#### ENTRIES SHOWN

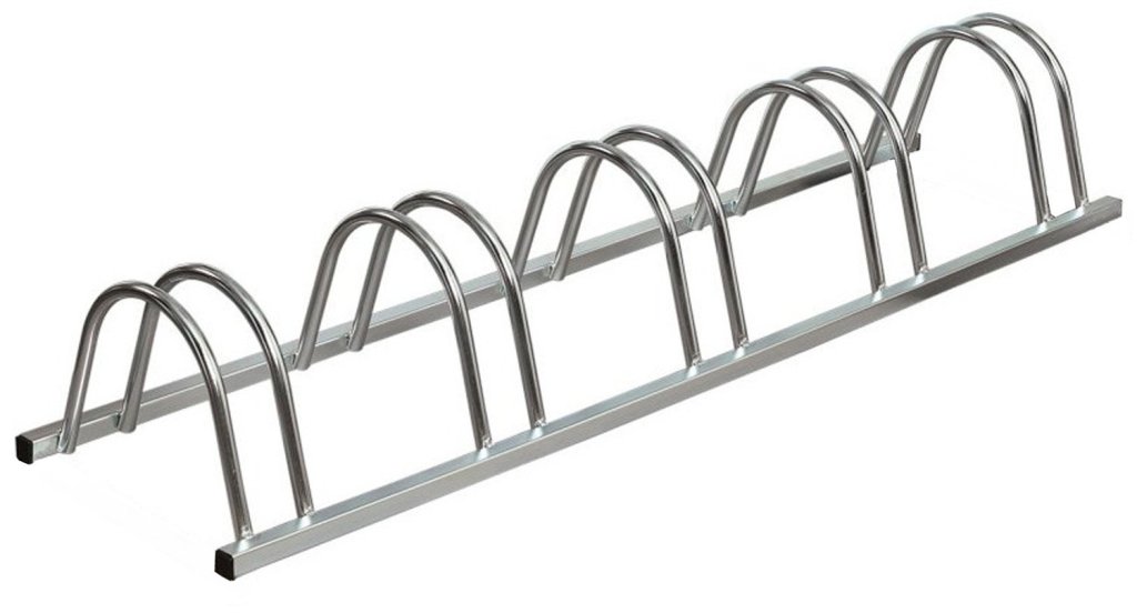 Stojan pre 5 bicyklov. Patentovaný tvar držiakov kolies - bicykle po zasunutí do stojanu drží za pneumatiku, sú stabilné, nepoškodzujú sa špice a ráfiky bicyklov. Vyrobený z rúrok s Ø 18 mm a štvorcového profilu 30 x 30 mm. Povrchová úprava stojanu galvanický pozinok - zaručuje vynikajúcu ochranu proti korózii. Stojan vybavený dvoma otvormi pre ukotvenie k zemi alebo na stenu.
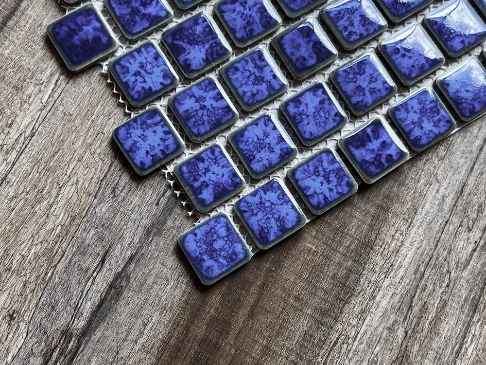 Ultramarine Blue with Gray Shaded Brick Pattern 1 Inch Porcelain Pool Mosaic Floor and Wall Tile for Backsplash, Kitchen, Bathroom, Swimming Pool
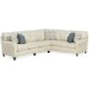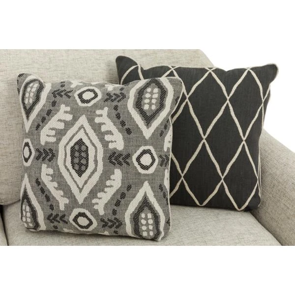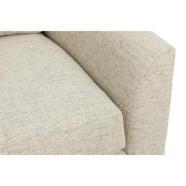Mason offers an updated look and clean lines without sacrificing comfort. The cuddler chaise is the ultimate cozy corner for binging TV, reading novels, or anything requiring long-term comfort. Upholstered in a lightly textured, Off-white weave, complimented by four toss pillows in Charcoal and Cream patterns.
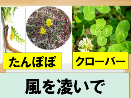 今日はもう一つ植物を紹介します。皆さんもよく知っている「クローバー」です。クローバーの葉は普通3枚ですが、時々葉っぱが4枚のクローバーが見つかります。発生率は一万分の一といわれ、なかなか見つけられないことから、見つけると幸せがおとずれるといわれています。そんな四葉のクローバーですが、実は見つかりやすい場所があるそうです。
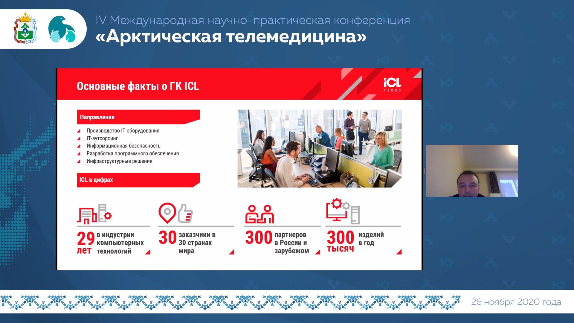 26 ноября 2020 года в онлайн формате состоялась IV Международная научно-практическая конференция «Арктическая телемедицина». Целью конференции было обсуждение вопросов использования информационных технологий для обеспечения доступности и качества медицинской помощи в условиях Крайнего Севера (Арктической зоны).
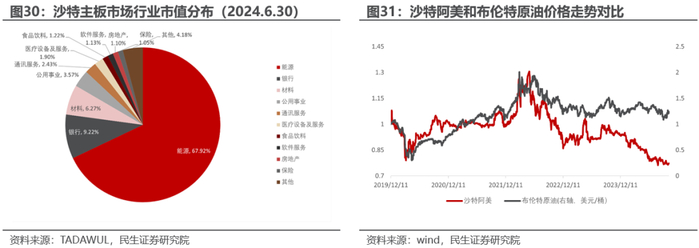 证券市场视角来看:沙特证券交易所是全球第九大的股票市场,总市值来看能源行业占比超过65%;投资者结构上,沙特市场主要由机构投资者主导;沙特的主要股指为沙特全指(TASI),由于指数对单一股票的权重限制,其行业权重最高的是金融,其次才是能源。沙特全股的股息率较高,有一定的红利属性。

########

**WHAT TO DO**: Quote each line of the listing exactly, but leave the pictures out.

**EXERCISE ANSWER**:
 Stojan pre 5 bicyklov. Patentovaný tvar držiakov kolies - bicykle po zasunutí do stojanu drží za pneumatiku, sú stabilné, nepoškodzujú sa špice a ráfiky bicyklov. Vyrobený z rúrok s Ø 18 mm a štvorcového profilu 30 x 30 mm. Povrchová úprava stojanu galvanický pozinok - zaručuje vynikajúcu ochranu proti korózii. Stojan vybavený dvoma otvormi pre ukotvenie k zemi alebo na stenu.
 Ultramarine Blue with Gray Shaded Brick Pattern 1 Inch Porcelain Pool Mosaic Floor and Wall Tile for Backsplash, Kitchen, Bathroom, Swimming Pool
Mason offers an updated look and clean lines without sacrificing comfort. The cuddler chaise is the ultimate cozy corner for binging TV, reading novels, or anything requiring long-term comfort. Upholstered in a lightly textured, Off-white weave, complimented by four toss pillows in Charcoal and Cream patterns.
 今日はもう一つ植物を紹介します。皆さんもよく知っている「クローバー」です。クローバーの葉は普通3枚ですが、時々葉っぱが4枚のクローバーが見つかります。発生率は一万分の一といわれ、なかなか見つけられないことから、見つけると幸せがおとずれるといわれています。そんな四葉のクローバーですが、実は見つかりやすい場所があるそうです。
 26 ноября 2020 года в онлайн формате состоялась IV Международная научно-практическая конференция «Арктическая телемедицина». Целью конференции было обсуждение вопросов использования информационных технологий для обеспечения доступности и качества медицинской помощи в условиях Крайнего Севера (Арктической зоны).
 证券市场视角来看:沙特证券交易所是全球第九大的股票市场,总市值来看能源行业占比超过65%;投资者结构上,沙特市场主要由机构投资者主导;沙特的主要股指为沙特全指(TASI),由于指数对单一股票的权重限制,其行业权重最高的是金融,其次才是能源。沙特全股的股息率较高,有一定的红利属性。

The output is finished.